- YOUR OBJECTIVE:
Your answer should give again, exactly, the lines from the beginning of the entries below through the line containing "하지만 일단 구글이든". It must contain no pictures.

- INPUT DATA:
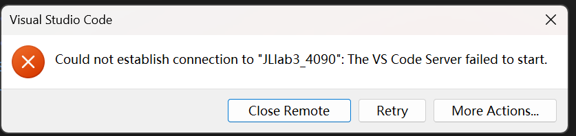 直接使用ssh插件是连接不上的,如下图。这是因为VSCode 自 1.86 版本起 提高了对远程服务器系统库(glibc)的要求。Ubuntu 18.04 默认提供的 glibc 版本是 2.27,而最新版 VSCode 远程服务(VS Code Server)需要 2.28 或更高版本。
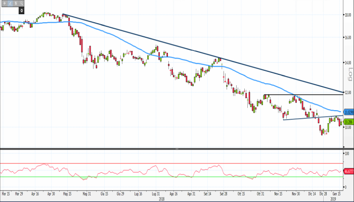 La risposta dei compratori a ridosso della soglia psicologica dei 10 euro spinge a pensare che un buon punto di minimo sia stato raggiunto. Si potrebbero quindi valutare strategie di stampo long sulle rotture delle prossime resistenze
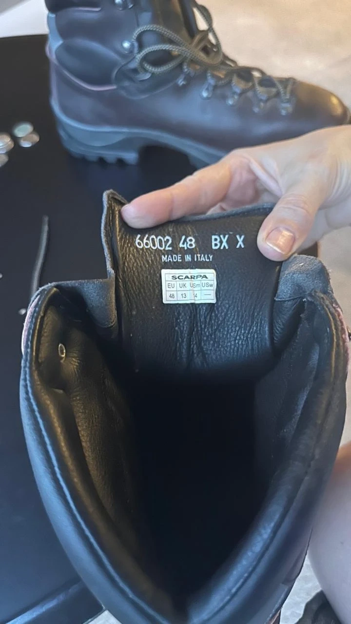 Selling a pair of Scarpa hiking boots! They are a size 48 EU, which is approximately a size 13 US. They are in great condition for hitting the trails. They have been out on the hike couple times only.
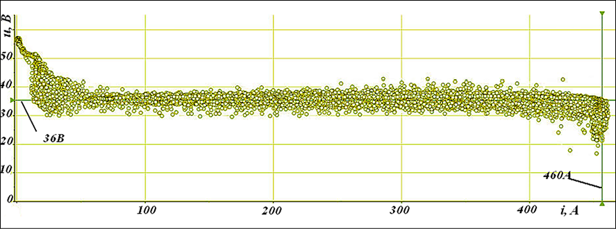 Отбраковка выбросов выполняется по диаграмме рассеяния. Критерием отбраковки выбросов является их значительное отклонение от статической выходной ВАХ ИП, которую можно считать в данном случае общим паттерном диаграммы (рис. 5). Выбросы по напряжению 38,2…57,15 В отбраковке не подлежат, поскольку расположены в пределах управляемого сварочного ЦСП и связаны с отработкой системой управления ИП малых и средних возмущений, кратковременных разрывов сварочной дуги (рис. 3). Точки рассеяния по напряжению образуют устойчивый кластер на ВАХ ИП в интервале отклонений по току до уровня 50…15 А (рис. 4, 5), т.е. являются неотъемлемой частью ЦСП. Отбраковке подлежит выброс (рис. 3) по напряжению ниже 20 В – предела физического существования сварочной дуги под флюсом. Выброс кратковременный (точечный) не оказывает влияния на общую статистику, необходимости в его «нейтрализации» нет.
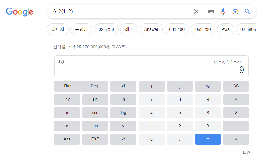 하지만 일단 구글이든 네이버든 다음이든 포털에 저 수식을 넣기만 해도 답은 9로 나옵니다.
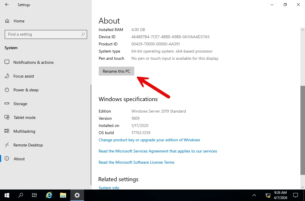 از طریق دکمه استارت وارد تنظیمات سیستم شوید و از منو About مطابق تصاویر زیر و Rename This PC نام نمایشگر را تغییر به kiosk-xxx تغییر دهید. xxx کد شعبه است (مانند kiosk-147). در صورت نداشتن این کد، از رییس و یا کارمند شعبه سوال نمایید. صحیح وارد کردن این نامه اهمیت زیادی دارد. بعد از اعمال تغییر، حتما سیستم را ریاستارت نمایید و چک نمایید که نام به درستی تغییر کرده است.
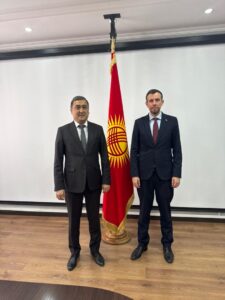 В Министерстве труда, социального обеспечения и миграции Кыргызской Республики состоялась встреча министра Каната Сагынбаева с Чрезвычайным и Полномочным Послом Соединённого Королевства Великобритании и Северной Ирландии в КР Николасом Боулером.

- SOLVED EXERCISE:
 直接使用ssh插件是连接不上的,如下图。这是因为VSCode 自 1.86 版本起 提高了对远程服务器系统库(glibc)的要求。Ubuntu 18.04 默认提供的 glibc 版本是 2.27,而最新版 VSCode 远程服务(VS Code Server)需要 2.28 或更高版本。
 La risposta dei compratori a ridosso della soglia psicologica dei 10 euro spinge a pensare che un buon punto di minimo sia stato raggiunto. Si potrebbero quindi valutare strategie di stampo long sulle rotture delle prossime resistenze
 Selling a pair of Scarpa hiking boots! They are a size 48 EU, which is approximately a size 13 US. They are in great condition for hitting the trails. They have been out on the hike couple times only.
 Отбраковка выбросов выполняется по диаграмме рассеяния. Критерием отбраковки выбросов является их значительное отклонение от статической выходной ВАХ ИП, которую можно считать в данном случае общим паттерном диаграммы (рис. 5). Выбросы по напряжению 38,2…57,15 В отбраковке не подлежат, поскольку расположены в пределах управляемого сварочного ЦСП и связаны с отработкой системой управления ИП малых и средних возмущений, кратковременных разрывов сварочной дуги (рис. 3). Точки рассеяния по напряжению образуют устойчивый кластер на ВАХ ИП в интервале отклонений по току до уровня 50…15 А (рис. 4, 5), т.е. являются неотъемлемой частью ЦСП. Отбраковке подлежит выброс (рис. 3) по напряжению ниже 20 В – предела физического существования сварочной дуги под флюсом. Выброс кратковременный (точечный) не оказывает влияния на общую статистику, необходимости в его «нейтрализации» нет.
 하지만 일단 구글이든 네이버든 다음이든 포털에 저 수식을 넣기만 해도 답은 9로 나옵니다.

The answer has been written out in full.